The new CDO has been with the San Francisco city and county government for the better part of a decade, and has been in charge of data operations since his predecessor stepped down over a year ago.
The city and county of San Francisco has officially named Jason Lally as its new chief data officer.
Lally, who has been with the city for close to seven years, replaces Joy Bonaguro, the first-ever CDO, who stepped down from her position in September of 2018. Though now officially CDO, Lally has managed operations at DataSF, the city's data team, since Bonaguro's departure.
Under Bonaguro, the city saw the expansion of numerous data initiatives, including creating processes to inventory, monitor and standardize open data.
Lally started with the city in 2013 as a mayor's innovation fellow for the Office of Civic Innovation, where he worked on various data projects for the city. From there, he was hired by Bonaguro and rose within the organization to become manager of the city's open data program, after which he was promoted to manager of data services in 2017.

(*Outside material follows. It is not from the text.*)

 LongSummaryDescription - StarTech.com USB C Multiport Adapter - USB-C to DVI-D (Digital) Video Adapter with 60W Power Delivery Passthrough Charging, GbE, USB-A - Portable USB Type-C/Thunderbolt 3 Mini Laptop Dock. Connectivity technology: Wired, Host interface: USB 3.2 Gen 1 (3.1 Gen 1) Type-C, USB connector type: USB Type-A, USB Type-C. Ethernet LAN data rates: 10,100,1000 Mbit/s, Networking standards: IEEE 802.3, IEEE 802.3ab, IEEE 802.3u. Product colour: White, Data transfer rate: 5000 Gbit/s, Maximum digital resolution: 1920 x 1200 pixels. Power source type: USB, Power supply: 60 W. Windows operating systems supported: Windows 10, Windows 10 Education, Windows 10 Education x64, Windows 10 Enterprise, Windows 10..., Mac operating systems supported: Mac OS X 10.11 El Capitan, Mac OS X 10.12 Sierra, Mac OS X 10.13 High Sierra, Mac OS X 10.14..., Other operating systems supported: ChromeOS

Speaking with Government Technology, Lally said that working with Bonaguro helped set the stage for the work being done now.

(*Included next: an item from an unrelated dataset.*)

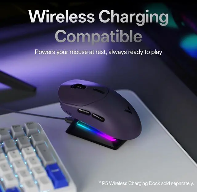 4. 120-Million Optical SwitchRegistering mouse clicks using infrared light instead of mechanical contact, the optical switch eliminates any risk of accidental double clicks, and has no debounce delay but a longer 120-million lifespan. For users who prefer traditional mechanical clicking feedback, we recommend to choose the VT2 version (100-million mechanical switch).

"Our goal [at the time] really was to take that original policy idea [of open data] and institutionalize it into the way we do our work," Lally said, of his work with Bonaguro. "My job really was to bring process and automation wherever we could to make open data as easy and accessible as possible."
Lally said that his team will continue making open data valuable by not just making it accessible to city staff and residents, but by adding context and meaning to it, as well.
"We've done a pretty good job at making our data available ... but what does it mean in context? How do these things relate to one another? So we're really trying to do more of that for our city staff and analysts, but also for the public, for our internal and external users alike."
Lally also said that he will be looking to improve the team's work around user-oriented data development, while also experimenting with different ways in which data analytics can be deployed to measure and mitigate issues across city departments.
Before entering the public sector, Lally spent over seven years with PlaceMatters, a nonprofit think tank focused on civic engagement and planning, according to his LinkedIn. He holds a bachelor's degree in information sciences and technology from Pennsylvania State University and a master's in city and regional planning from the University of Pennsylvania.